Information Block Start

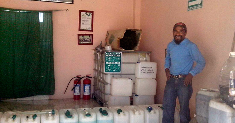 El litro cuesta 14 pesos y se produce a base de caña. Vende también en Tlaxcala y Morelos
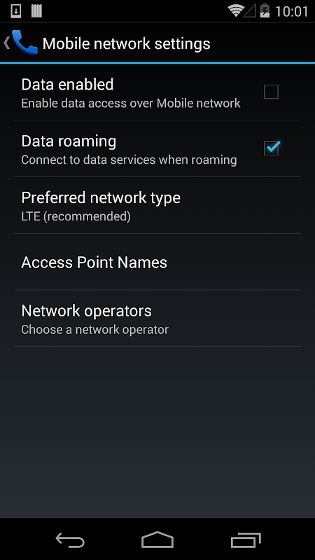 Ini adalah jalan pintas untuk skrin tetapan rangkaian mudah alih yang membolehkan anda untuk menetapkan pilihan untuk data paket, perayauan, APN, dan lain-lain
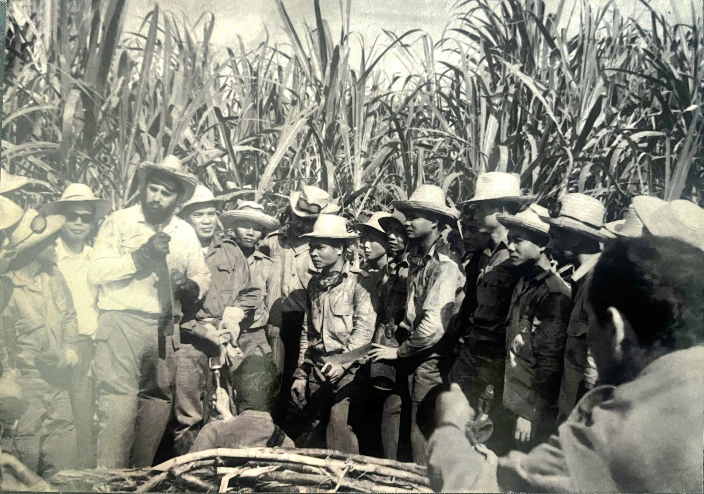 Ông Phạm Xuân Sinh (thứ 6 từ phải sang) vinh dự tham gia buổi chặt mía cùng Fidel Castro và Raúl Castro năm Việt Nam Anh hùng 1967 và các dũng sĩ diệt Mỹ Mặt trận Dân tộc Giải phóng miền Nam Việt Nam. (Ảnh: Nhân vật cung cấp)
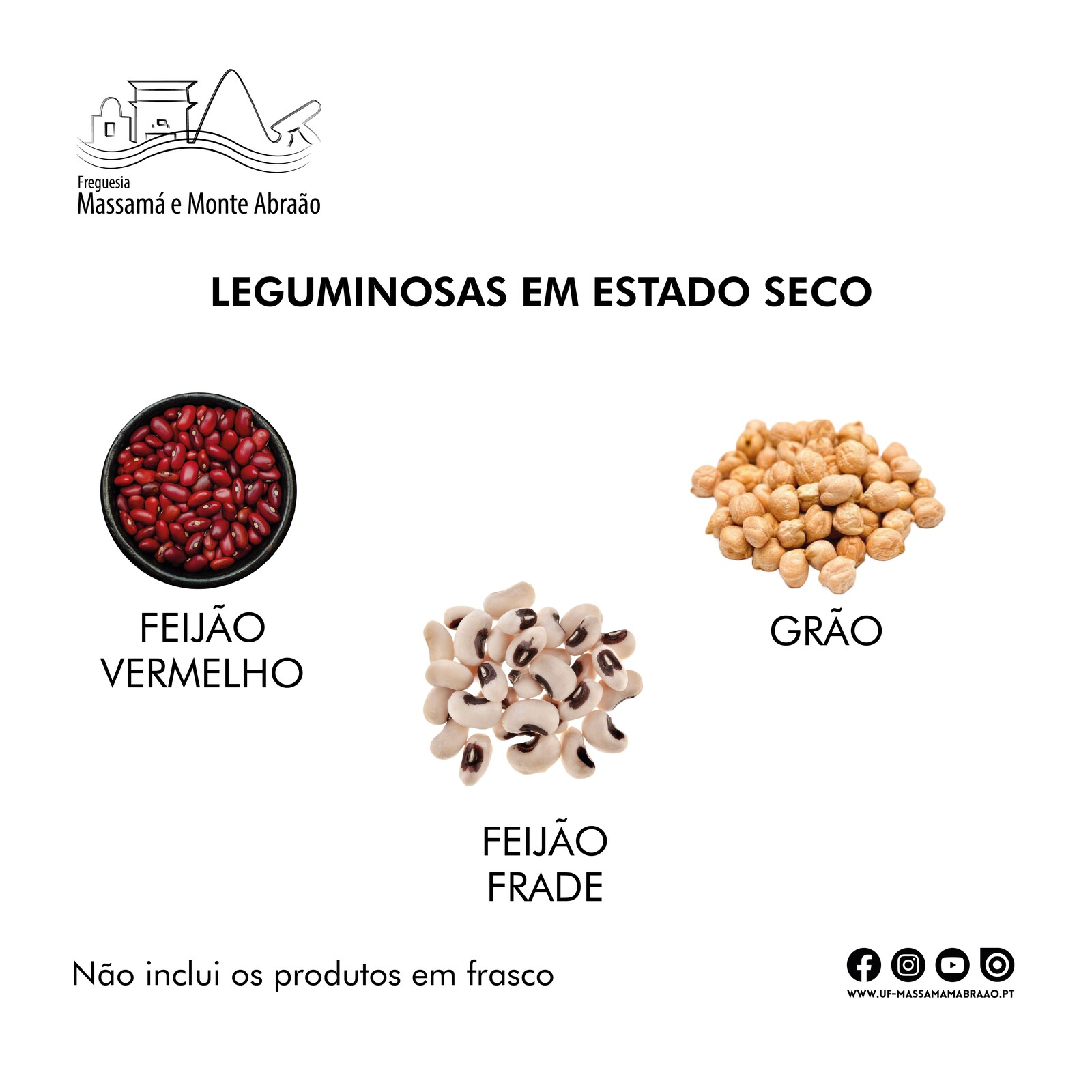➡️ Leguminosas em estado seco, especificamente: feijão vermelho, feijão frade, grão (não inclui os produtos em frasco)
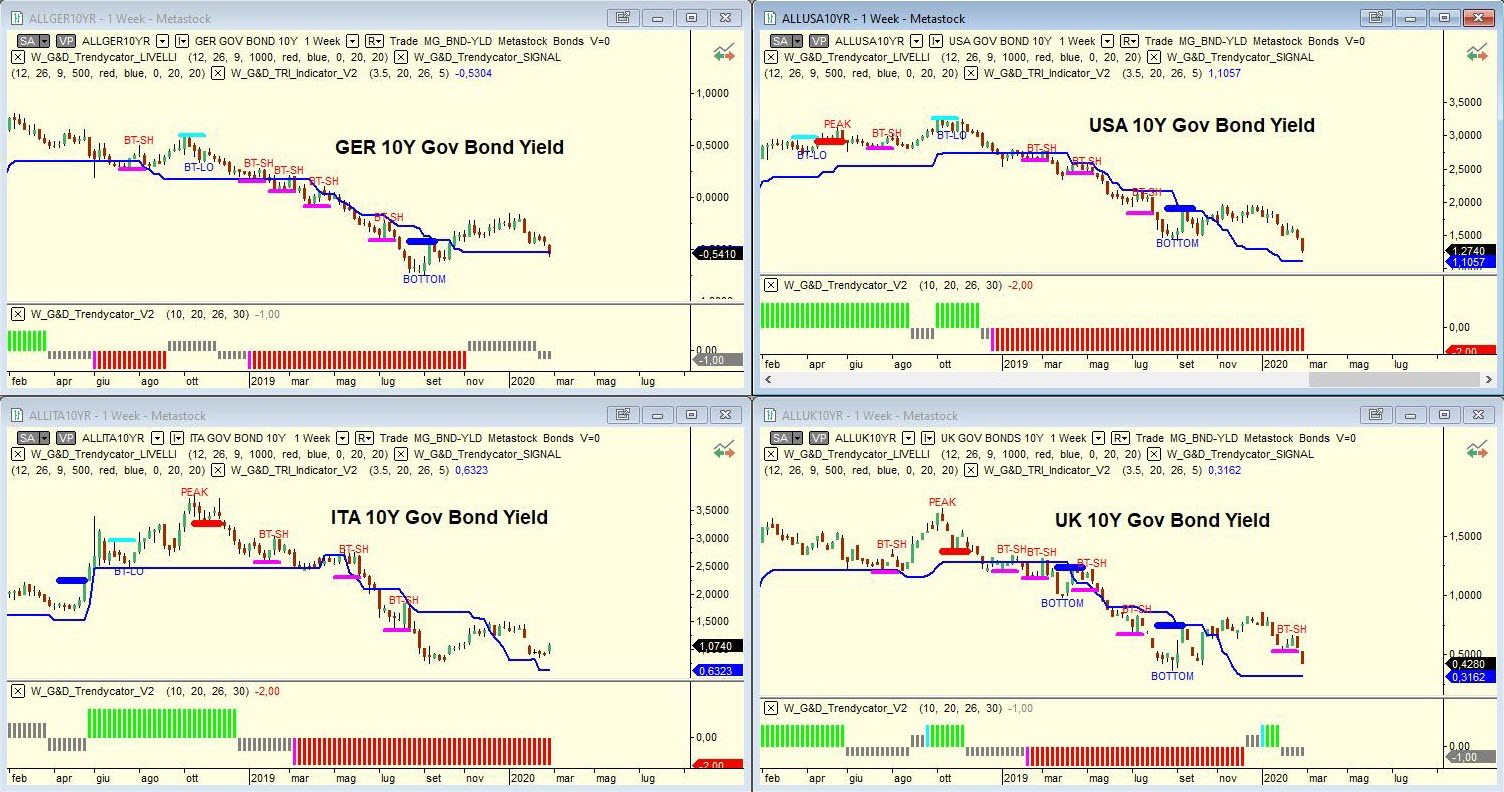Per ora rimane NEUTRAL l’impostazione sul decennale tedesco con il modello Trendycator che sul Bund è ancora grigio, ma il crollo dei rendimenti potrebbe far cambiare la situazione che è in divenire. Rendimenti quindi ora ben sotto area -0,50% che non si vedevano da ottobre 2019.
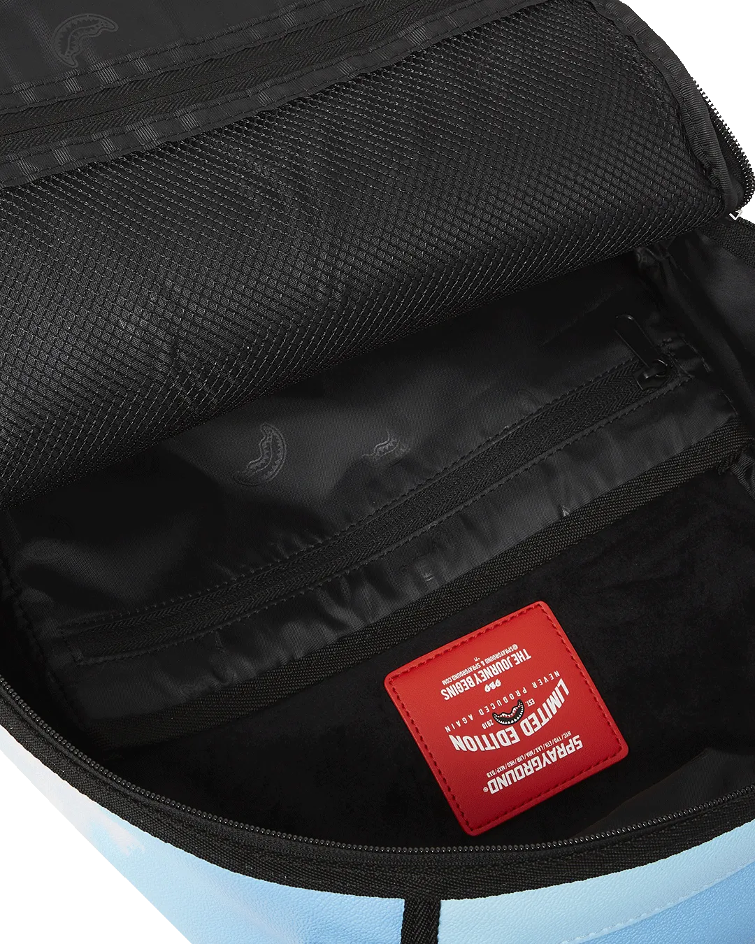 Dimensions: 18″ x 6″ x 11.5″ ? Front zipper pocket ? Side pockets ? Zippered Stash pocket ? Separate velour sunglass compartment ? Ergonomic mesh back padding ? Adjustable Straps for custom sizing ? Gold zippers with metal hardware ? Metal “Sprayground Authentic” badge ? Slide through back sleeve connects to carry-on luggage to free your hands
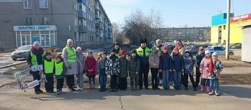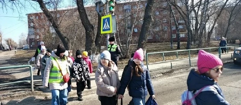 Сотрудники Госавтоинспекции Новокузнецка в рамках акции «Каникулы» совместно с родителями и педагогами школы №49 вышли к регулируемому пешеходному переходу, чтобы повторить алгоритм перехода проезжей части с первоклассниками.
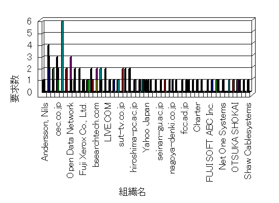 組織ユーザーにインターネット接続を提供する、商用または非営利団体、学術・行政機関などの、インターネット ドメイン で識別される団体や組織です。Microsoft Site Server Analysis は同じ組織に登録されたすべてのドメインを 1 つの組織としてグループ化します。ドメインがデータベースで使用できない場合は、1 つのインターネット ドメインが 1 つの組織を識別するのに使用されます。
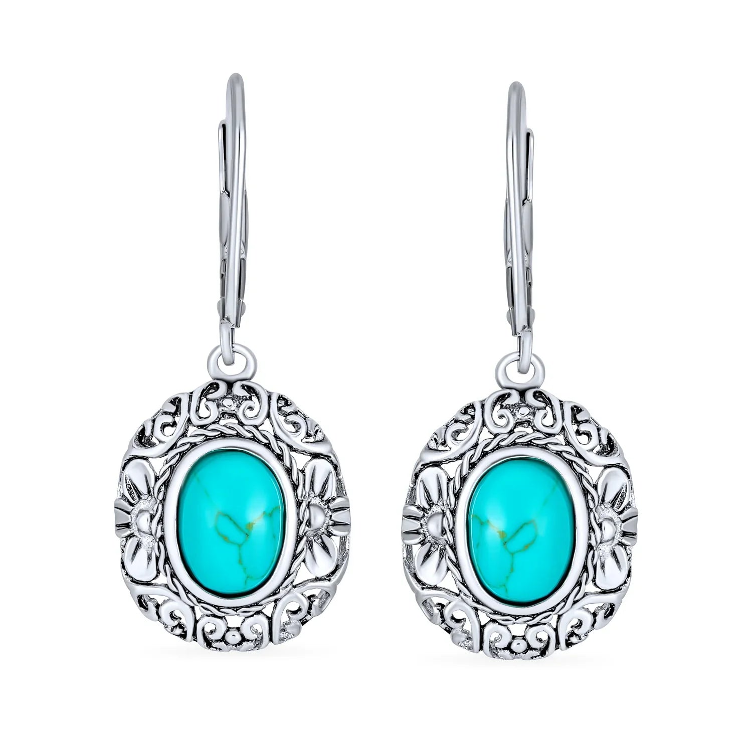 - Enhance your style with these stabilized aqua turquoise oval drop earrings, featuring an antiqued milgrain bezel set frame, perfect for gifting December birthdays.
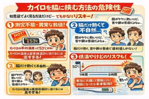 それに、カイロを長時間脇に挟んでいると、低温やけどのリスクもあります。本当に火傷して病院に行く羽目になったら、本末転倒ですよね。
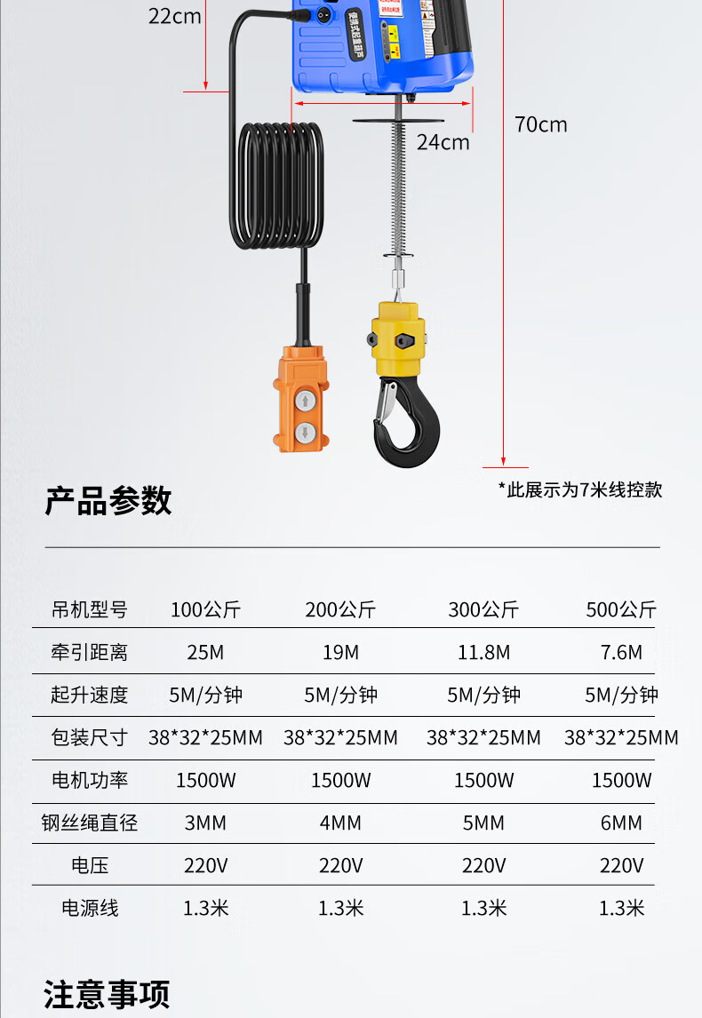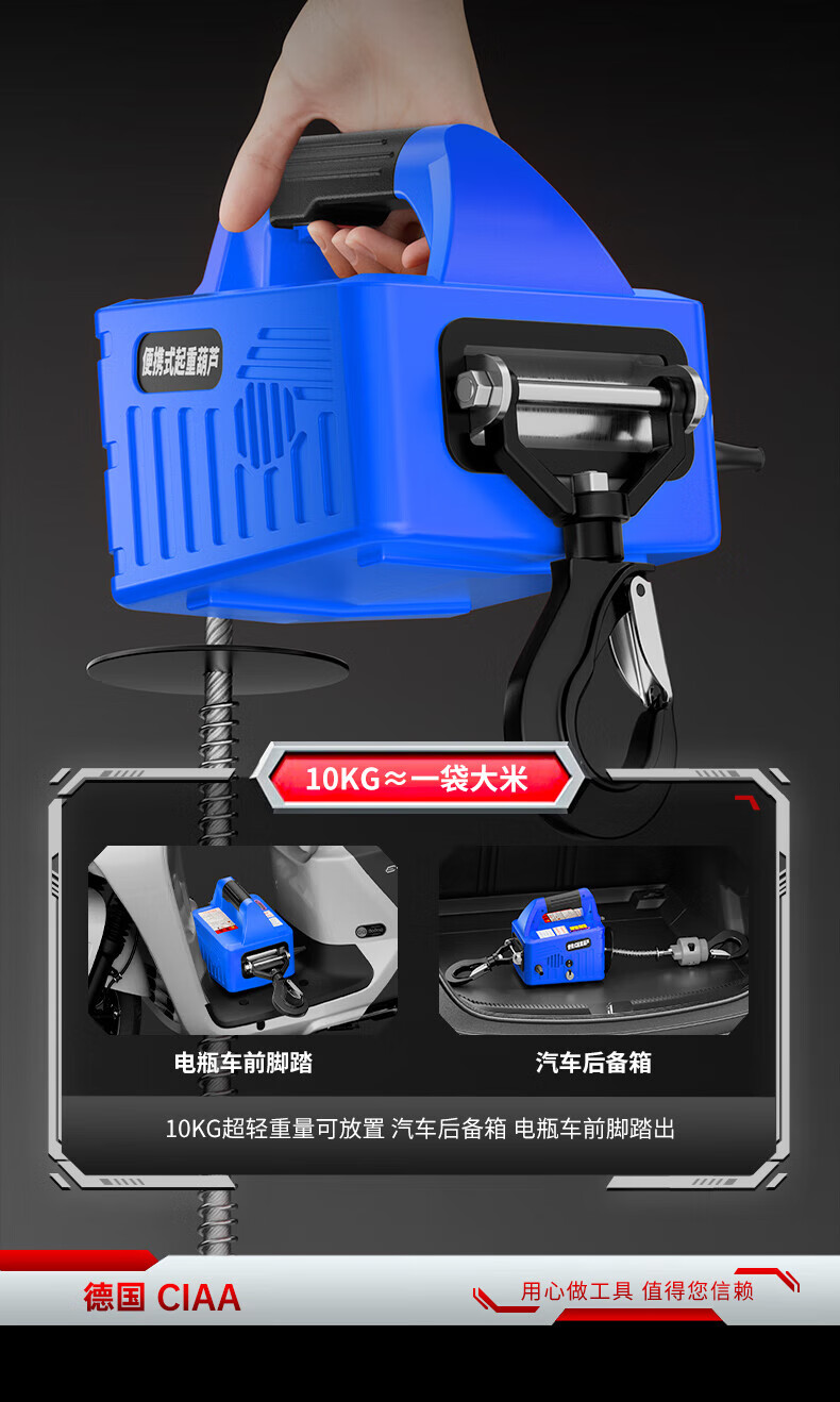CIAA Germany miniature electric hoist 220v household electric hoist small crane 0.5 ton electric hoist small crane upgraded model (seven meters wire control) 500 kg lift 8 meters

Information Block End

Please repeat, exactly as written, the lines in the records above, starting with the one that has "Dimensions: 18″ x" and going on through the one that has "Сотрудники Госавтоинспекции Новокузнецка". Pictures are to be left out.

 Dimensions: 18″ x 6″ x 11.5″ ? Front zipper pocket ? Side pockets ? Zippered Stash pocket ? Separate velour sunglass compartment ? Ergonomic mesh back padding ? Adjustable Straps for custom sizing ? Gold zippers with metal hardware ? Metal “Sprayground Authentic” badge ? Slide through back sleeve connects to carry-on luggage to free your hands
 Сотрудники Госавтоинспекции Новокузнецка в рамках акции «Каникулы» совместно с родителями и педагогами школы №49 вышли к регулируемому пешеходному переходу, чтобы повторить алгоритм перехода проезжей части с первоклассниками.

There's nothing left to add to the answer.